Monday, March 25, 2013

Walsh Lab, Boston



Over two years ago I learned about the Christopher A. Walsh Laboratory in Boston.  They research genetic mutations that can alter brain development and lead to malformations like polymicrogyria.  By studying individuals affected with these conditions and identifying the associated genes and their mutations, they learn about the proteins that are important for brain development and hope that this will lead to better options for diagnosis, management and treatment.

The Walsh Lab has a Brain Development and Genetics clinic that evaluates children with a wide range of brain development disorders, including PMG.  The clinic combines their specialties of neurology, genetics, genetic counseling and research to provide a comprehensive approach to working with families impacted by brain malformations.  Shortly after learning about the clinic I started the process of having Callie evaluated, but got side tracked with her weight gain issues and then feeding tube placement and never followed through.  A few months ago I reached out to the Walsh Lab again to set up an appointment, and a couple of weeks ago we finally made the trip.  It was worth it.

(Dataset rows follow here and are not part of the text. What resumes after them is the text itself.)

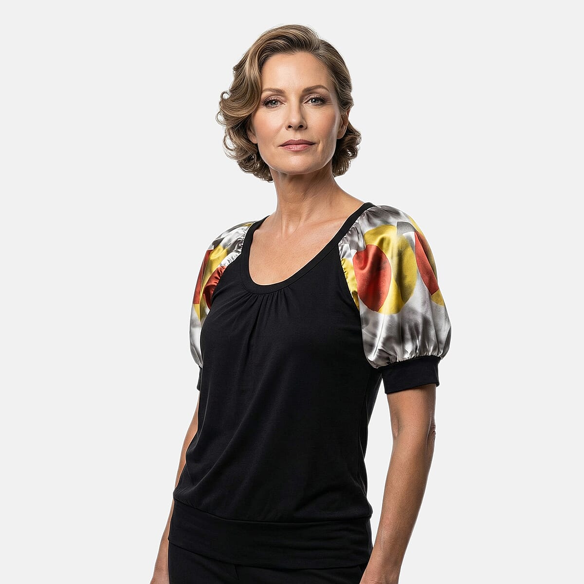 Vertigo Black, Multi Color Painting Print Puff Sleeve Top -Extra Small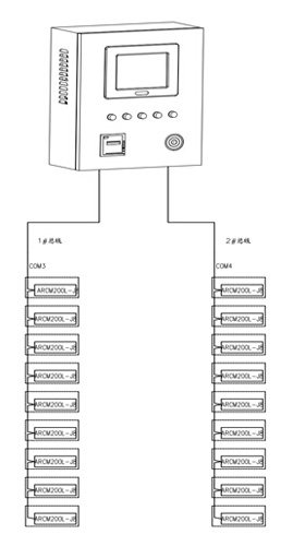 周口骨科醫院現場有剩余電流式儀表18只ARCM200L-J8,安裝于地下配電室的配電柜中,每塊儀表對接8個剩余電流互感器。現場儀表采用總線方式接至消控中心的Acrel-6000B壁掛式電氣火災監控系統。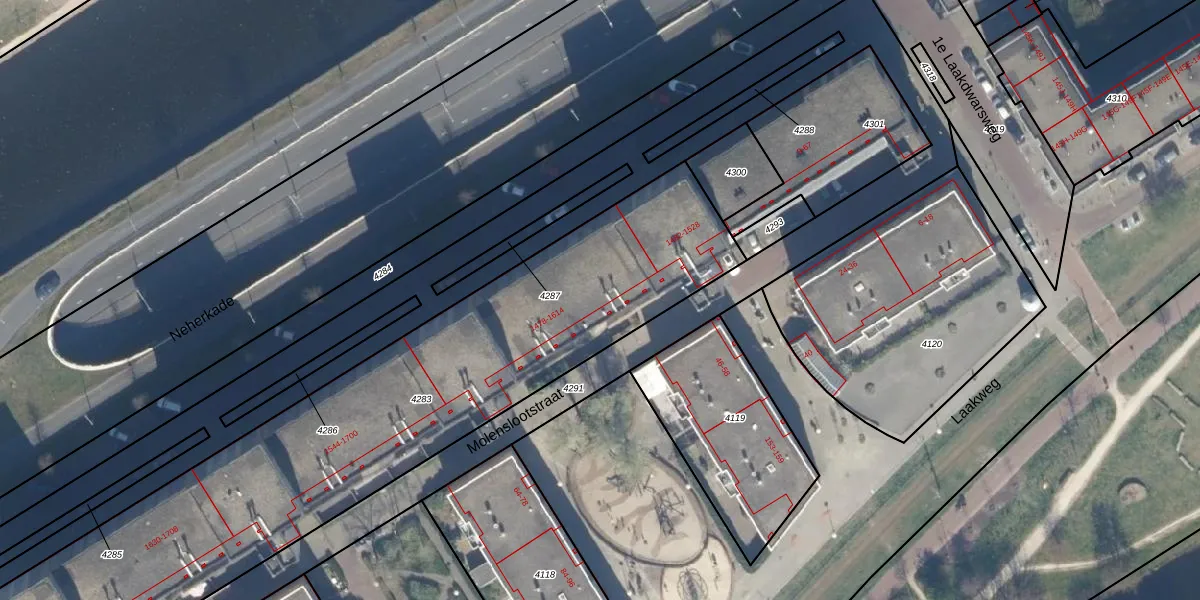 Het perceel waarop Neherkade 1486 staat heeft een oppervlakte van 2685 m². Dit is een zeer groot perceel. De perceeloppervlakte wordt geregistreerd door het Kadaster. Gedetailleerde informatie over de maten van dit perceel kunt u vinden in het rapport Kadastrale kaart met maatvoering van Neherkade 1486.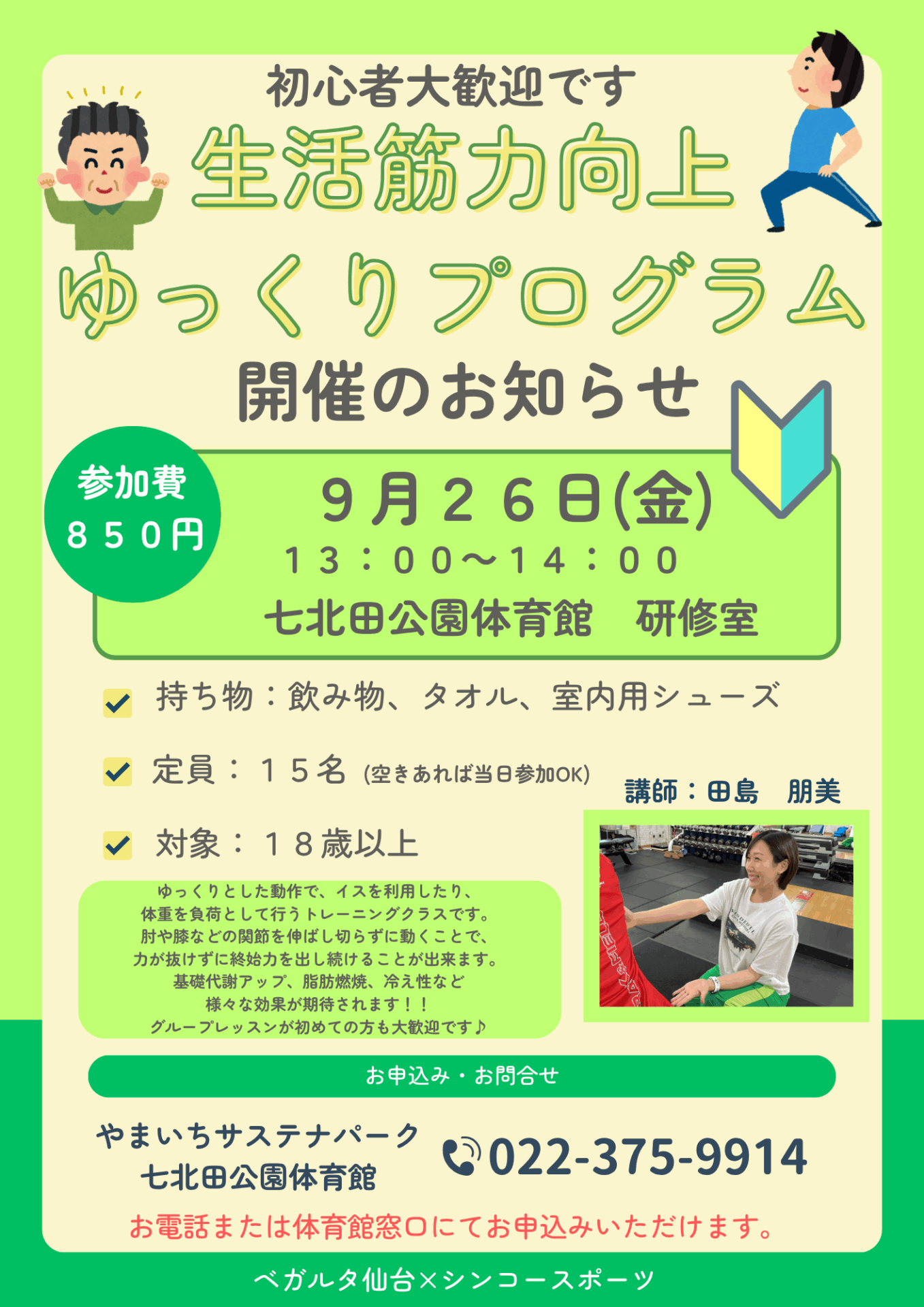 会 場:やまいちサステナパーク七北田公園体育館 研修室

Their team was wonderful and met with us for about two hours.  We talked at length with Brenda Barry (genetic counselorand Dr. Anna Poduri (neurologist).  Dr. Chris Walsh then joined us to meet Callie and give us his opinion of her case.  The bottom line is her MRI shows fairly extensive changes with regard to her perisylvian PMG, but clinically she is on the better end of the spectrum with excellent development.  They mentioned the fact that her seizures were controlled immediately (her infantile spasms were controlled within one week with prednisolone) has no doubt contributed to her success.  Good signs include she does not have a drooling problem that is common with her type of PMG, she makes vocalizations, is socially aware, cognitively tuned in, motivated, and her body is not stiff.  These are all common symptoms that she seems to have avoided at this time and indicate she will continue to make progress.  We learned an interesting piece of new information... Callie's MRI imaging is unique in that there are deep 'folds' in the cortex or outer layer of the brain that seem to distort the shape of the ventricles and the corpus callosum.  These infoldings are not common in PMG cases.  They were intrigued by her and invited us to participate in their research studies.

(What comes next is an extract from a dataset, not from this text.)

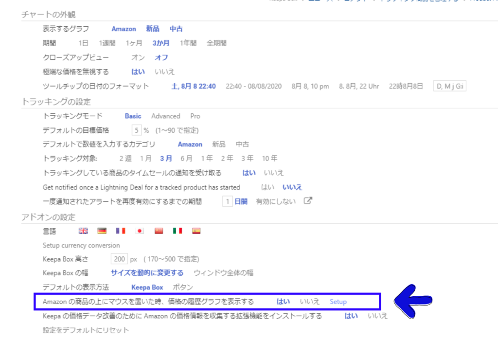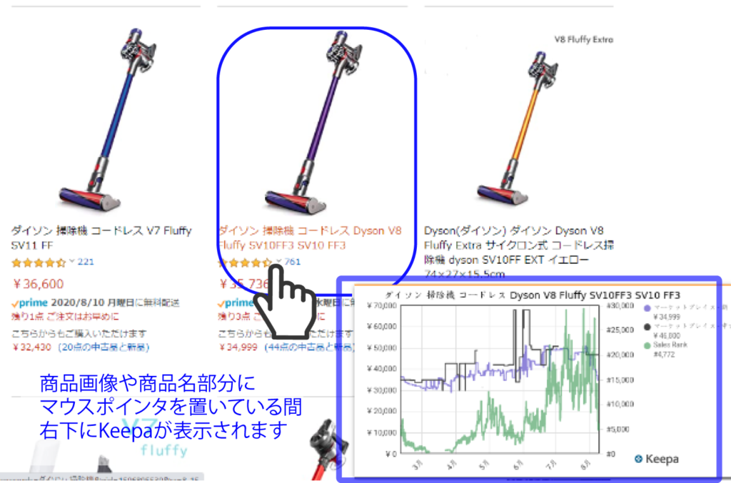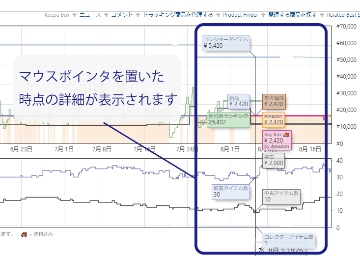 商品ページに表示されているkeepaのグラフ上部に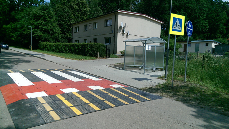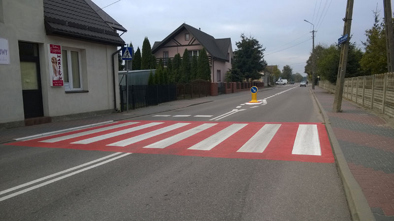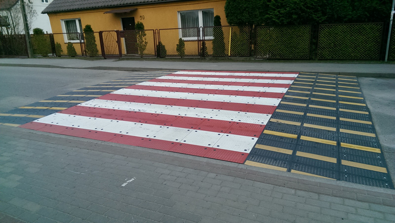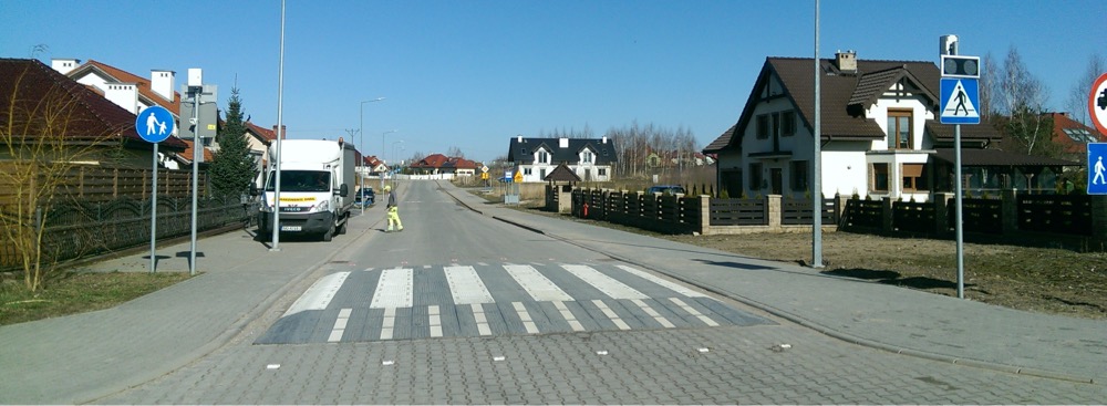 Wyniesione przejścia dla pieszych, lub z ostrzegawczymi lampami LED i oświetleniem

We stayed after our appointment to sign consent forms and provide samples to officially enroll.  They are building a large collection of PMG patients with the goal of sequencing their genomes.  Their plan is to identify key genes that are associated with the condition by comparing genomes of patients and parents with hereditary PMG versus sporatic cases.  This seems like a great resource for our family.  To sequence Callie's genome means they will forever have a genetic profile of her condition.  If they find genes that are altered in Callie, there could be potential for treatment.  This would of course take years, but the pace of things in research is moving exponentially.  Who knows what they can accomplish in Callie's lifetime!  



Dr. Chris Walsh

 Dr. Ann Poduri

Thank you, Aunt Rhine! xoxo

1 comments:

Mel on March 28, 2013 at 4:40 PM said...

Wow! So interesting! All of this brain stuff is so fascinating. Callie looks absolutely adorable!! I'm glad you were able to do that. I look forward to hearing any new info they uncover!!!